# Barista Express driving me mad!



## Andyno_1

Hi all,

I've been reading through the forum for a few weeks now but I could still really use some help!

Ive owned the BE since December and after getting through dozens of bags of beans I've probably only got 4 or 5 decent coffees from it.

I should say that I've never owned a coffee machine of any kind before and so grinding, dosing and tamping is all still very new.

Im using the Hasbean Jailbreak blend at the moment and any advice on settings or even a process starting point would be extremely well received.

In general my extraction starts off flying up to the over extracted zone and either then drops to the middle zone or stays at over extracted. Changing the settings doesn't seem to make much difference.

It really is driving me mad that I can't make progress so any advice would be great!

Thanks very much in advance.

Andy


----------



## PPapa

Before someone more competent than me shows up and asks the same questions: what's your dose, what's your output weight and what's the extraction time?

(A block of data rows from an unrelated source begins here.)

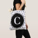Padrão reversível chic com bolinhas pretas sobre fundo branco. A frente do saco tem um grande círculo preto esboçado em branco. Personalize com o seu monograma inicial em texto branco. Bolsa geométrica moderna de moda feminina para verão ou qualquer estação. Designs originais © TamiraZDesign. www.zazzle.com/tamirazdesigns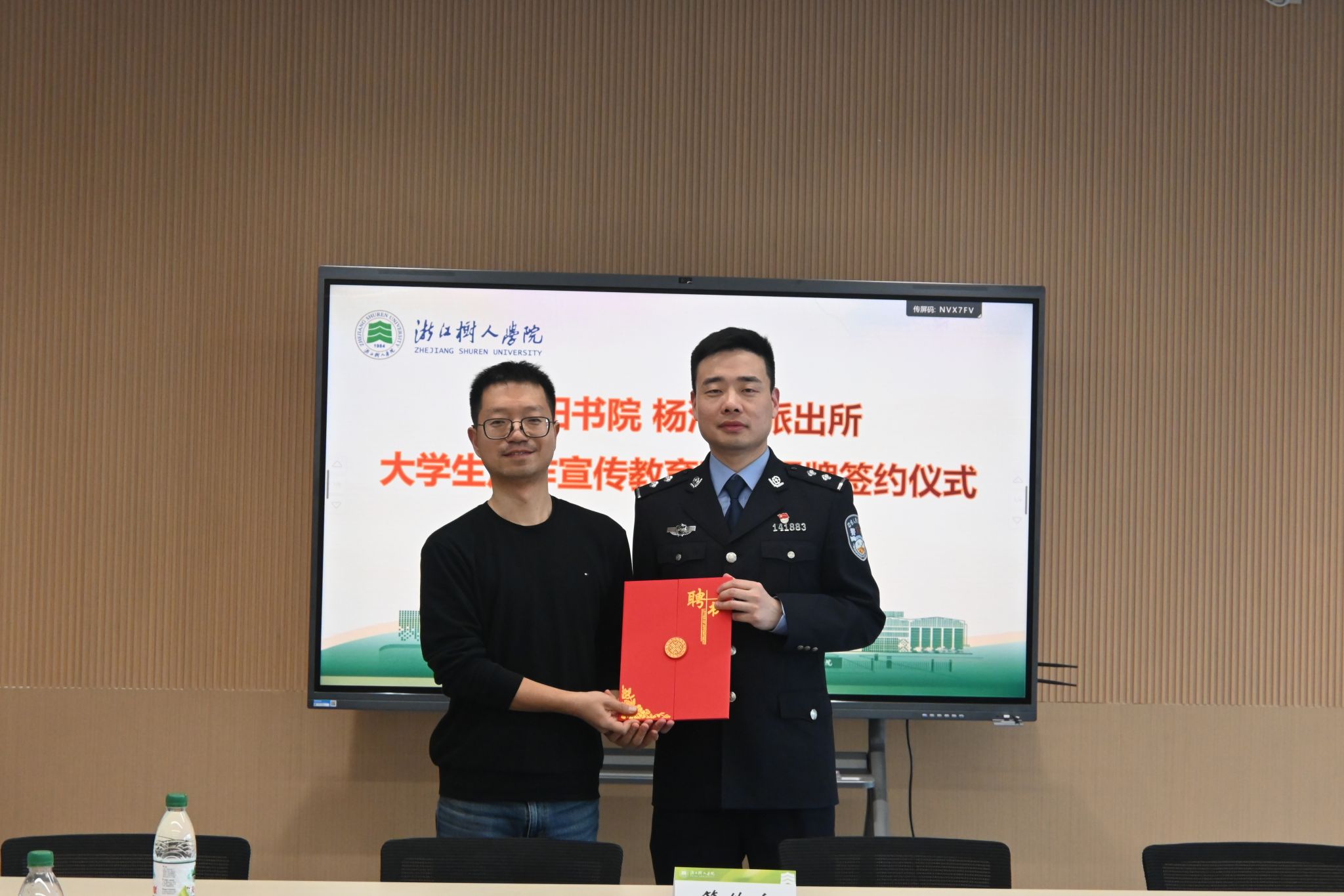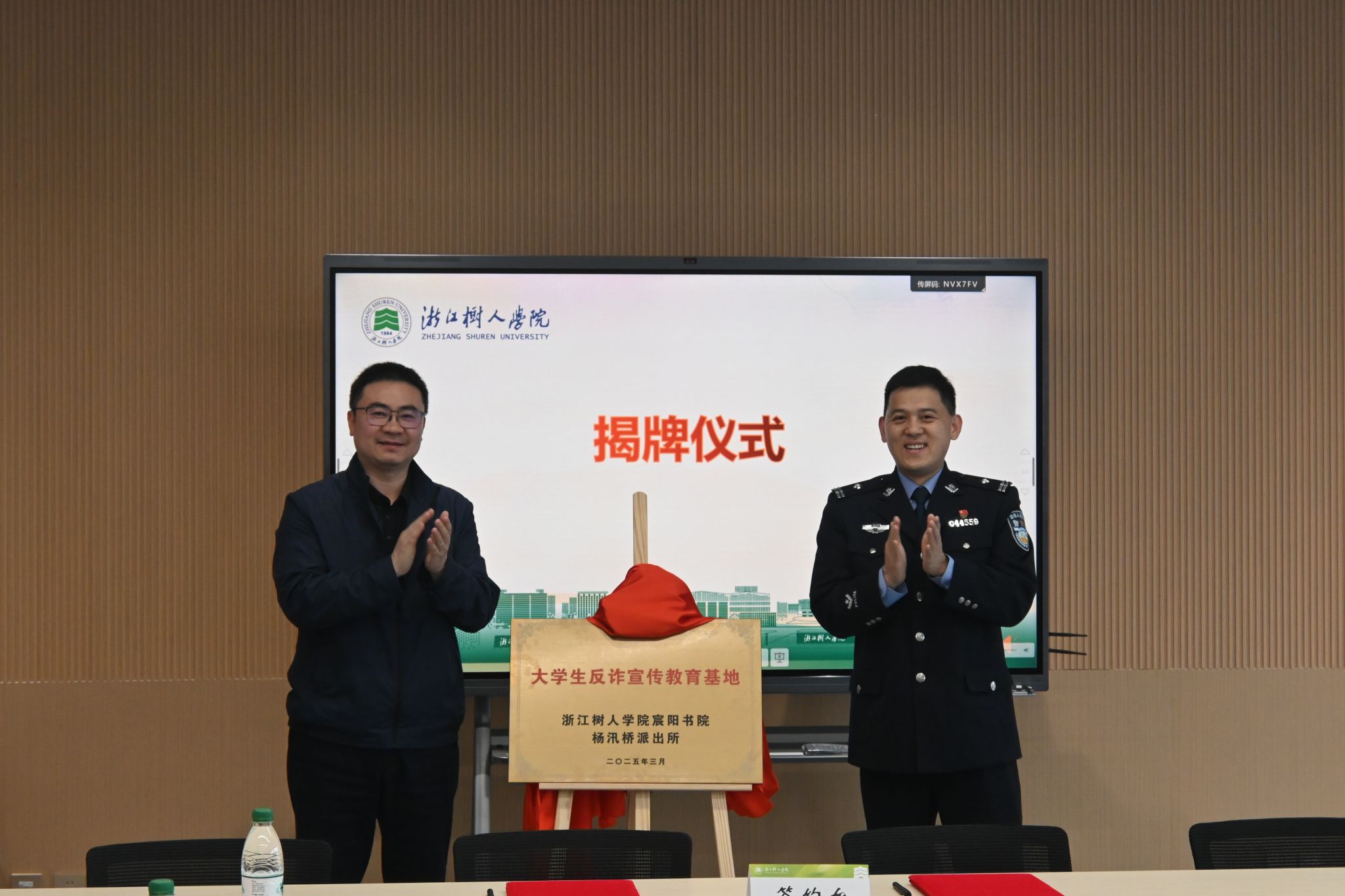 3月26日下午,宸阳书院与杨汛桥派出所在树人之家党员之家举行大学生反诈宣传教育基地揭牌签约仪式。校长助理冯淑娟,安保部部长吴杨铠,杨汛桥派出所所长张丹波、副所长王汉斌等出席,仪式由书院常务副院长王伟君主持。此次揭牌签约仪式标志着绍兴市第一个反诈宣传教育基地成立,这也是绍兴市第一个警校共建反诈宣传教育基地。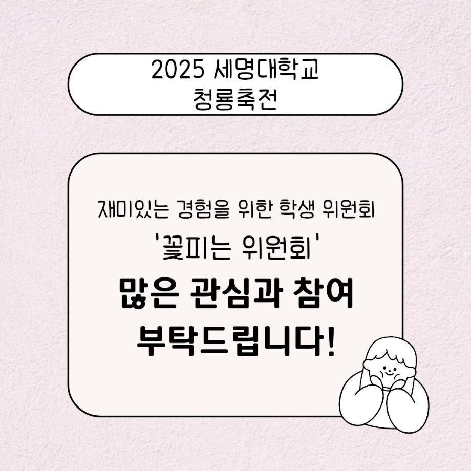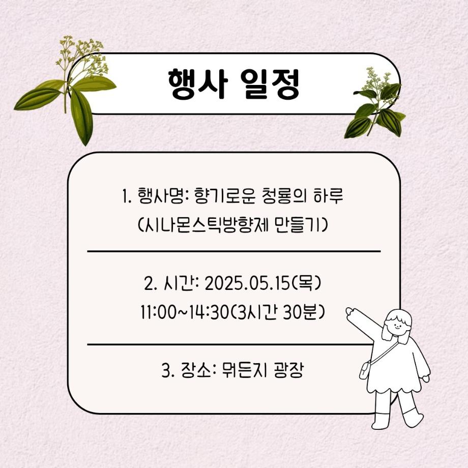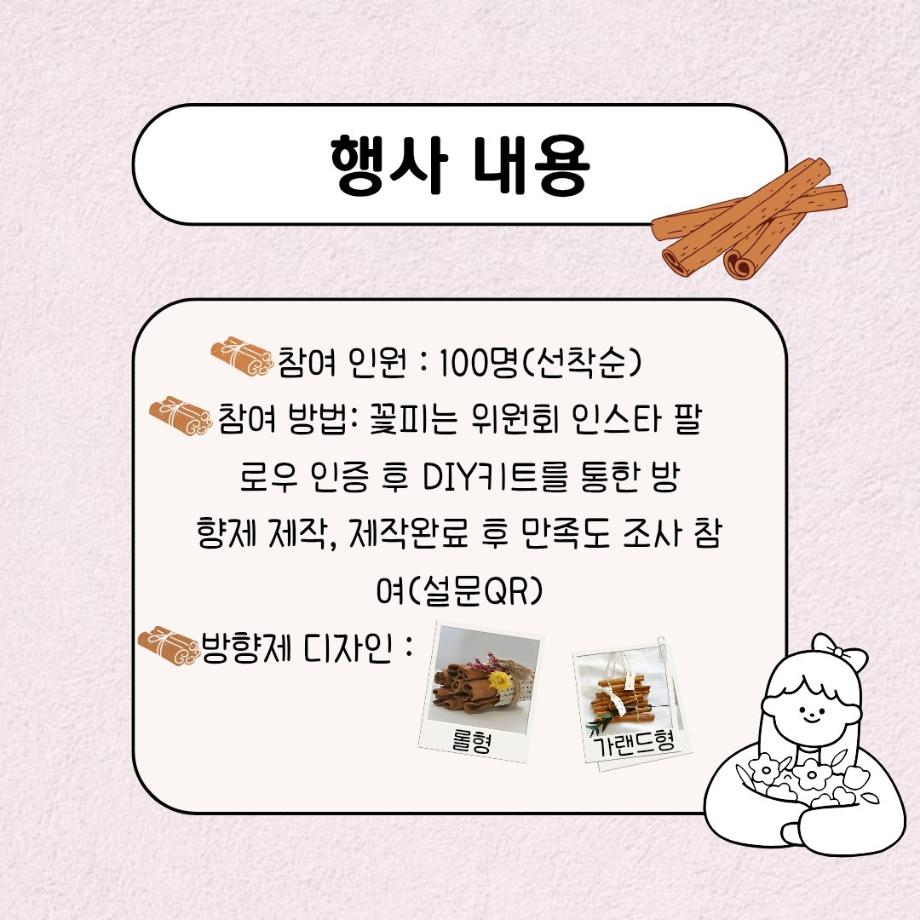 본문 시작 홈으로 공지사항 학생위원회 개요 학생위원회 소개 공지사항 활동결과 홈페이지가이드 프로그램 계획 프로그램 계획 세명대학교 공지사항 프로그램 계획 페이스북 트위터 프린트 [꽃피는 위원회] 향기로운 청룡의 하루(시나몬스틱 방향제 만들기) 학생처 689 2025-05-15 [향기로운 청룡의 하루(시나몬스틱 방향제 만들기) 1)일시: 2025.05.15(목) 11:00~14:30 2)장소: 뭐든지 광장 학생위원회 부스 3)대상: 본교 구성원 100명 한정 4)내용 : 꽃피는 위원회 인스타 팔로우 인증 -> 참여키트 수령 후 참여 -> 참여완료자 설문조사 참여(참여사진 업로드) -> 완료 많은 참여부탁드립니다. 목록 이전[용감한 위원회] 세명상점 다음 [착한 위원회] 향기를 담다 나를 담다 담당부서 : 장학복지팀 담당자 : - 연락처 : 043-649-1142 최종수정일 : 2024-10-26 만족도조사 만족도 조사 이 페이지에서 제공하는 정보에 대하여 만족하시나요? 매우만족 만족 보통 불만족 매우불만족
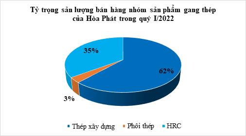 Trong đó, thép xây dựng thành phẩm là 1,34 triệu tấn, tăng 57%. Thép cuộn cán nóng của Hòa Phát trong 3 tháng đầu năm đạt 763.000 tấn, tăng 15% so với cùng kỳ 2021.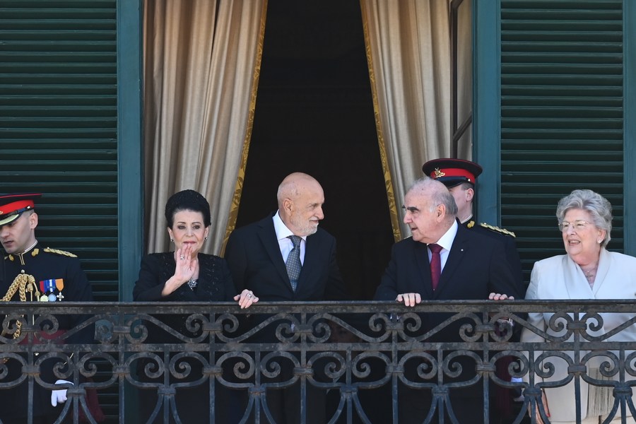 Malta's new president Myriam Spiteri Debono (2nd L) waves to the crowd on the balcony of the Grandmaster's Palace in Valletta, Malta, April 4, 2024. (Photo by Jonathan Borg/Xinhua)

This forum is keen to talk numbers so we can help you. If you don't have scales, get ones - there's nothing worse than guessing!


----------



## MarkT

@Andyno_1

i have also got the barista express. I could say I am close to getting a perfect cup. Although I am using different beans every 2 weeks so a little bit of adjustment is required. Start off with 7 on your grind setting. Dosing to 3 o'clock position. What tamper are you using. The one that comes with it or custom one. Gow mich pressure are you using when tamping? I found that if you tamp too hard it will over extract. Use the dose trimmer that comes with it. Will send you some post on you tube when I get home. Have a look on you tube there are a few videos on how to use barista express. Search for beville not sage. Good luck.


----------



## Andyno_1

Thanks for the swift replies!

Firstly, I'm working to an 18g dose but no idea on output weight or extraction time. I wasn't getting close to a decent extraction so was trying to get in the right ballpark before checking all that more thoroughly. I'm guessing this is incorrect?

Thanks for the starting points too MarkT, I've been up and down the dial settings so many times! I'm using the supplied tamper but really don't like it, any recommendations on an alternative?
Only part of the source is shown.